IIProfessor associado, Departamento de Pediatria, PUCRS, Porto Alegre, RS, Brazil.
IIIProfessor adjunto, Departamento de Pediatria, PUCRS, Porto Alegre, RS, Brazil.
IVMestre, Saúde da Criança. PUCRS, Porto Alegre, RS, Brazil.
VProfessor titular, Departamento de Pediatria, Faculdade de Medicina, PUCRS, Porto Alegre, RS, Brazil. Chefe, Serviço de Neonatologia, Hospital São Lucas, PUCRS, Porto Alegre, RS, Brazil.
OBJECTIVE: To compare blood pressure measurements in newborn infants using the flush method, pulse oximetry and oscillometry according to Doppler findings.
METHODS: Noninvasive blood pressure measurements were made using three techniques (flush method, pulse oximetry and oscillometry) in three groups of newborns: 15 normal term infants, 16 stable preterm infants, and 14 critically ill infants. All measurements were video recorded, edited separately, coded and analyzed independently by three neonatologists.

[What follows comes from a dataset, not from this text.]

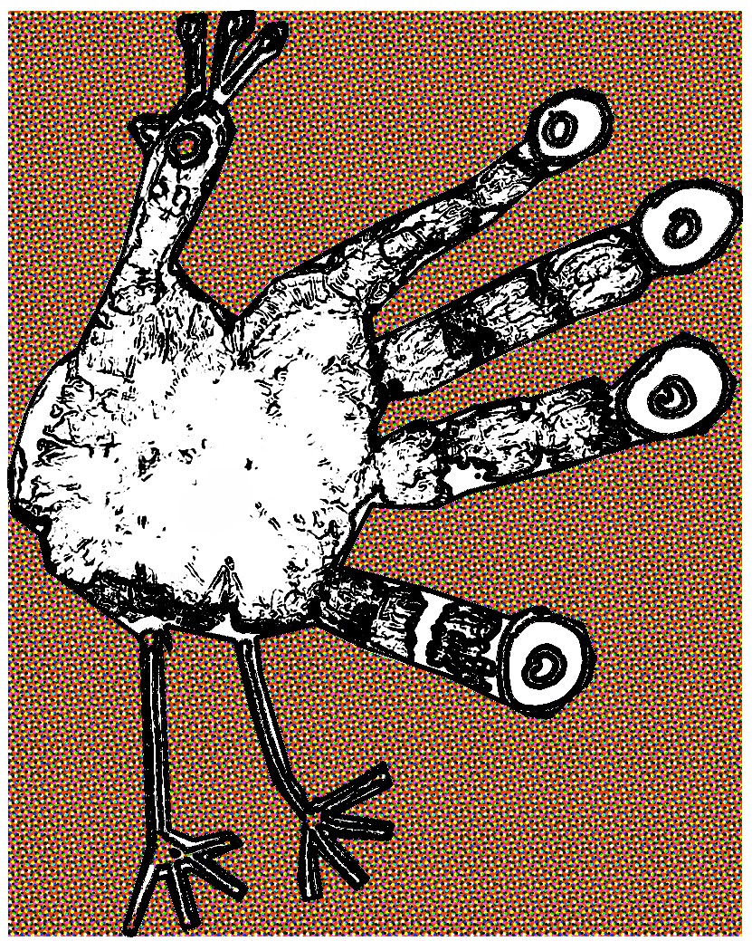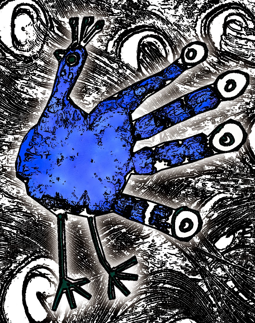 Take a photo of your handprinted peacocks and play around with digital image using PIXELMATOR or other design software.Below are a couple of effects you can try out:

RESULTS: Fifty-seven measurements were made using each method. The flush method and pulse oximetry had a better correlation with Doppler findings than oscillometry (correlation coefficients: 0.89, 0.85, 0.71; p < 0.01). The difference between measurement means, their standard deviations and the 95% confidence intervals when compared with Doppler findings were: -5.2±7.9 (-21.1:10.7) mmHg for the flush method; 0.4±8.9 (-17.5:18.2) mmHg for pulse oximetry; and 6.4±16.1 (-25.8:8.6) mmHg for oscillometry. The flush method had a better agreement with Doppler findings for the diagnosis of hypotension than oximetry and oscillometry.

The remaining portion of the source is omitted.